Gov. Pete Wilson today will launch a promotional campaign for the nation's first statewide health insurance purchasing pool, a state-run venture designed to use market forces to deliver coverage to small businesses at reasonable rates.
California's effort, which has raised skepticism over whether it can work, will be closely watched. Such health insurance purchasing cooperatives--HIPCs in industry parlance--are expected to be a keystone of the federal health care reforms being developed by the Hillary Rodham Clinton task force.
Purchasing pools are part of the "managed competition" model devised by economists such as Stanford University's Alain Enthoven. The idea is that by speaking with one voice--in this case, the state's--small employers can flex the same kind of muscle as big corporations in bargaining for health coverage.

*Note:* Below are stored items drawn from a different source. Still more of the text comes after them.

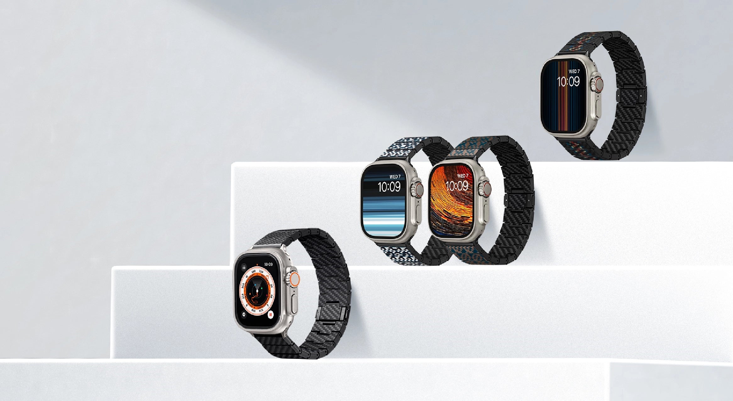 World’s first watch band with 100% carbon fiber links compatible with all Apple Watch models including Series 11-1, SE3/SE, and Ultra 3/Ultra 2/Ultra.
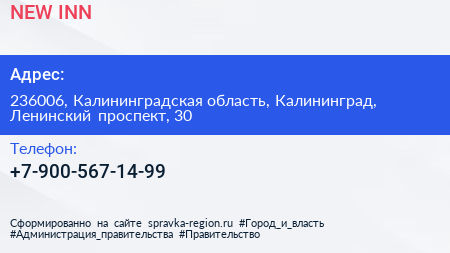 NEW INN по адресу 236006, Калининградская область, Калининград, Ленинский проспект, 30 в дальнейшем Организация, размещена в следующих категориях:
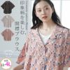 印象的な柄で魅せる開襟ブラウス。
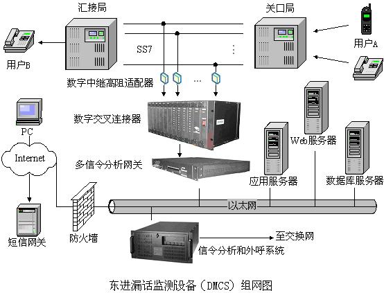 業(yè)務(wù)的組網(wǎng)分為信令網(wǎng)(SS7)和計(jì)算機(jī)網(wǎng)(TCP/IP),兩種異構(gòu)網(wǎng)絡(luò)通過東進(jìn)漏話監(jiān)測設(shè)備(DMCS)中的多信令分析網(wǎng)關(guān)連起來,多信令分析網(wǎng)關(guān)通過數(shù)字中繼高阻適配器和數(shù)字交叉連接器跨接在關(guān)口局和匯接局之間,同時(shí)也接到產(chǎn)生業(yè)務(wù)邏輯的計(jì)算機(jī)網(wǎng)。當(dāng)有外網(wǎng)的用戶A(也可以是本地網(wǎng)內(nèi)的用戶)呼叫網(wǎng)內(nèi)的注冊用戶B遇忙時(shí),東進(jìn)漏話監(jiān)測設(shè)備(DMCS)中的多信令分析網(wǎng)關(guān)檢測到遇忙信號(hào),就開始實(shí)時(shí)監(jiān)測信令網(wǎng)中用戶B的掛機(jī)信號(hào),當(dāng)監(jiān)測到用戶B的掛機(jī)信號(hào)后,就將掛機(jī)信號(hào)轉(zhuǎn)換為基于TCP/IP協(xié)議的包信號(hào),交給計(jì)算機(jī)網(wǎng)上的信令分析和外呼系統(tǒng)進(jìn)行信令分析,外呼系統(tǒng)根據(jù)信令,在業(yè)務(wù)邏輯的控制下,通過交換網(wǎng)外呼用戶A或B,完成業(yè)務(wù)動(dòng)作。
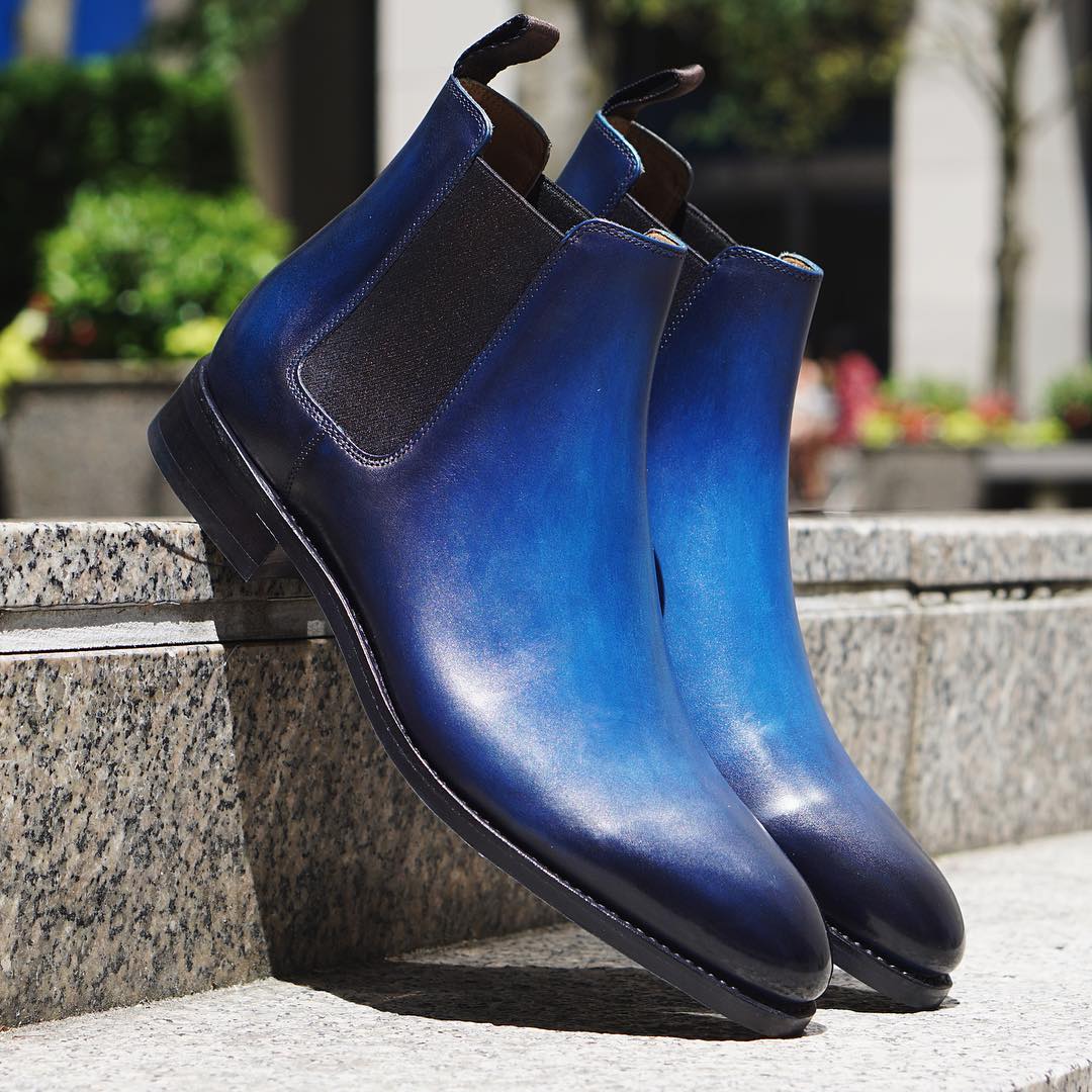 Inner: Soft Sole: Leather Gender : Male Heel: Leather Color: Blue Style: Chelsea Boot Totally Hand stitched Manufacturing time 7-10 business days If you can’t find your Size/Color just send us message we will make for you.

To set up the cooperative, the state negotiated with 18 private insurance carriers to provide standard health insurance packages for small businesses (defined as five to 50 employees) in six geographical areas throughout California. The rates will vary depending on the company's location and the ages of its employees.
Although its coverage will not take effect until July 1, the cooperative has generated controversy.
Some private insurers question whether it is good public policy--or fair competition--for the state to be active in the market as a regulator and competitor.
The 18 carriers in the cooperative include several of California's largest, but there are also some major carriers who opted not to join, notably Blue Cross of California, Foundation Health and Pacificare.
Insurance brokers say that the cooperative offers skimpy commissions compared to private sector carriers.
"You need brokers and agents to reach out to the small group market," said Blue Cross Chairman Leonard D. Schaeffer. He and others believe that without cementing its ties to the broker community, the cooperative could have trouble finding customers.
A potentially more serious concern is that the cooperative might be flooded with small groups that until now have not been able to get coverage at any price because of severe health problems in their work force. Such "adverse selection" could cause the cooperative to run at a loss. Except for $3 million in start-up promotional costs, the cooperative is legally required to operate at break-even or better, with no state subsidies.